Abstract
skDER (https://github.com/raufs/skDER) combines recent advances to efficiently estimate average nucleotide identity (ANI) between thousands of microbial genomes by skani1 with two low-memory methods for genomic dereplication. The first method implements a dynamic algorithm to determine a concise set of representative genomes. This approach is well-suited for selecting reference genomes to align metagenomic reads onto for tracking strain presence across related microbiome samples. This is because fewer representative genomes should alleviate the concern that reads belonging to the same strain get falsely partitioned across closely related genomes. The other method, which uses a greedy approach, is better suited for use in comparative genomics, where users might be overwhelmed with the high number of genomes available for certain taxa and aim to reduce redundancy and, therefore, computational requirements for downstream analytics. This method selects a larger number of representative genomes to comprehensively sample the pangenome space for the taxon of interest.
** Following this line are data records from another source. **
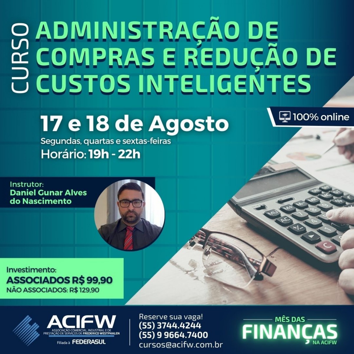 Investimento – Associados da ACIFW: R$99,90 / Não associados: R$129,90
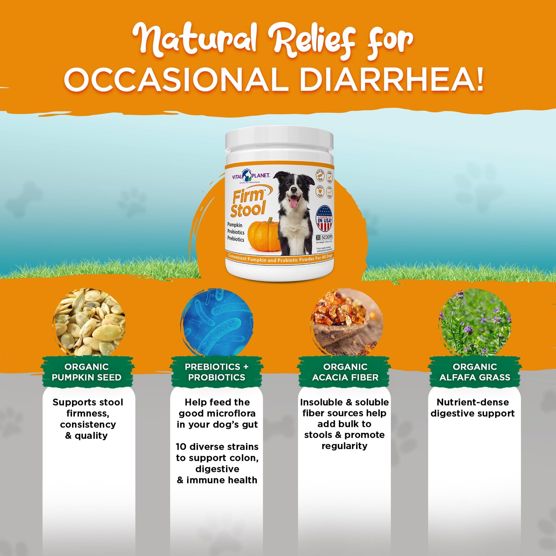 Your dog wants to be regular too! FIRM STOOL is uniquely formulated to help you manage your dog’s occasional diarrhea and colon health for firmer stools you and your dog will be proud of.
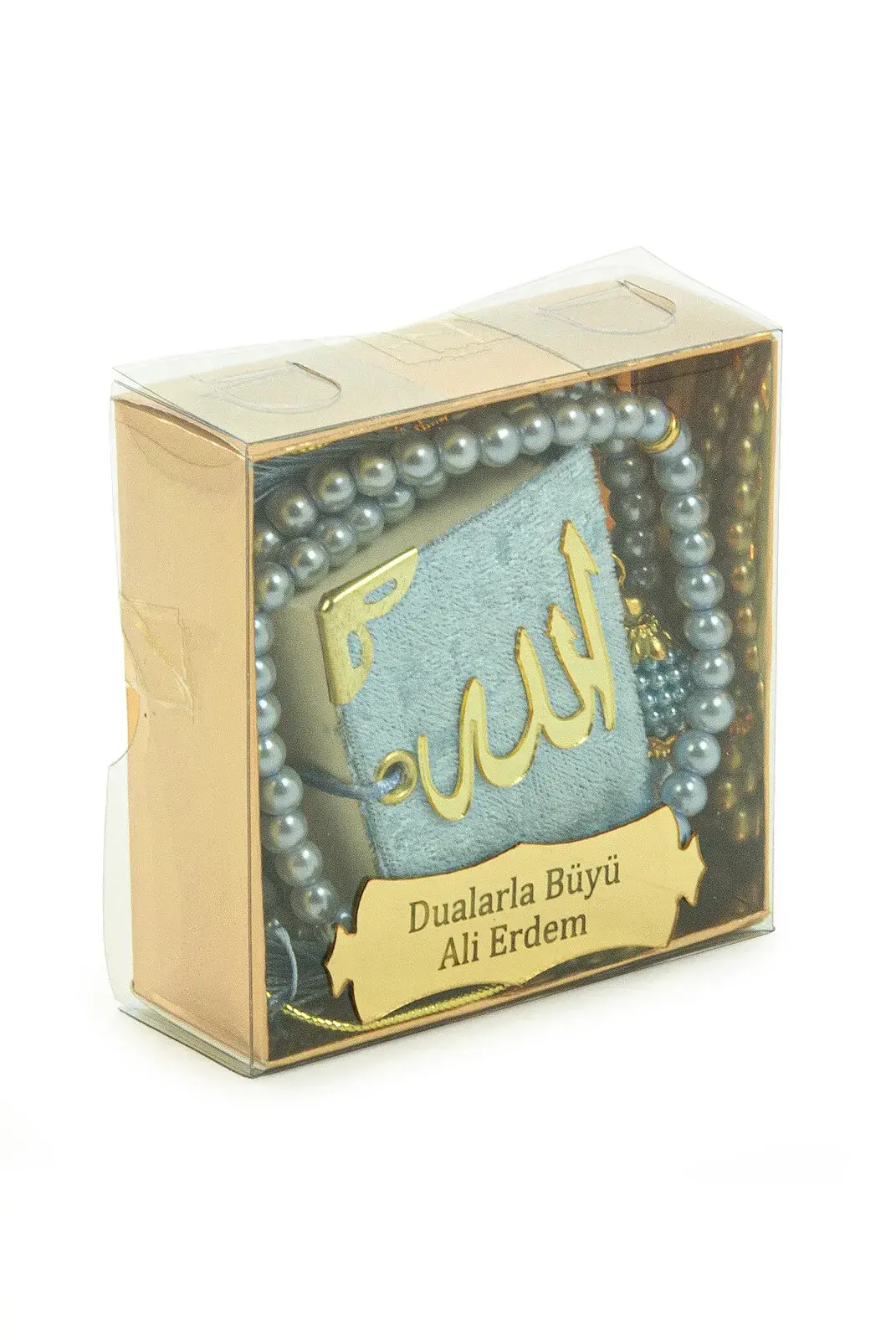 İsme Özel Kutulu İnci Tesbihli Kadife Kaplı Mini Kuran Mevlüt Hediyesi Mavi
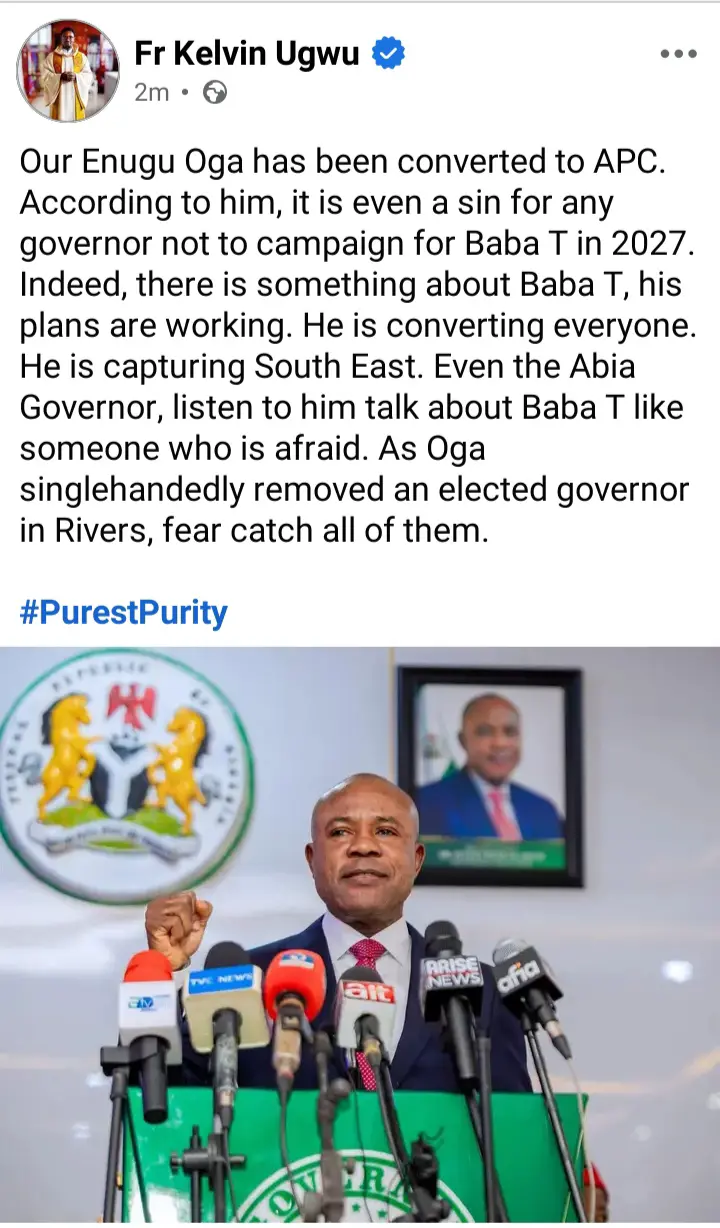 In a Facebook post on 14th October 2025, Fr. Kelvin stated that following his defection, Governor Mbah had strongly asserted that it would be a grave mistake for any state leader not to support President Bola Tinubu’s potential 2027 presidential bid.
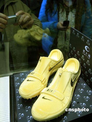 农历新年喜庆时节,香港沙田马场举办黄金艺术珍品展览,展出二十多件设计独特、手工精致的黄金艺术珍品。图中以有世界飞人之称刘翔破世界记录时,以其所穿跑鞋实物原大打造的黄金跑鞋,引来众多观众兴趣。这双黄金跑鞋长二十六厘米,黄金重约十六两,价值超过二十三万多港元。中新社发 王丽南 摄
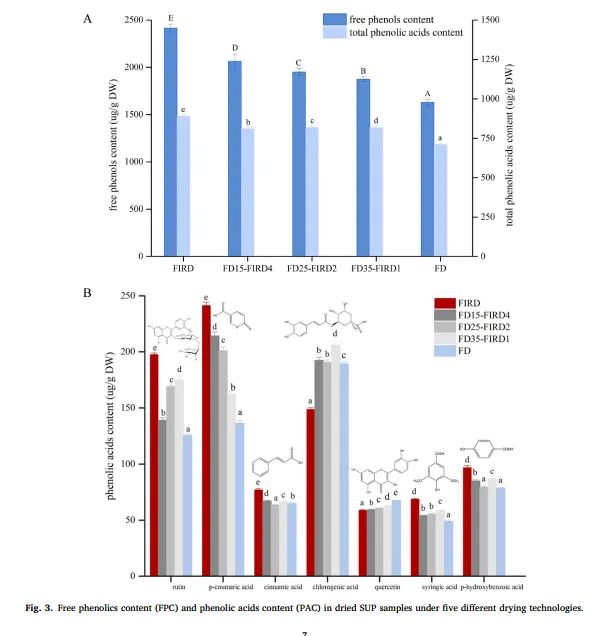图3. 五种不同干燥技术下干燥 SUP 样品中的游离酚含量(FPC)和酚酸含量(PAC)

To further aid usage for comparative genomics studies, skDER also features an option to automatically download genomes classified as a particular species or genus in the Genome Taxonomy Database2–4 and we provide precomputed representative genomes for commonly studied bacterial taxa5.
Statement of Need
The boundaries of bacterial species are commonly defined using ANI-based thresholds6–8. For delineation of more resolute clusters of strains or lineages within species and the selection of individual genomes to serve as representatives, the use of phylogenetic9, alignment10,11, and k-mer based12 approaches have been used as alternatives to ANI-based methods. While these methods have demonstrated scalability to species featuring thousands of genomes, they typically involve multi-step workflows, such as preliminary construction of core genome sequence alignments or phylogenies. In contrast, an ANI-cutoff based approach is more direct to use and simply takes genomic assemblies as input.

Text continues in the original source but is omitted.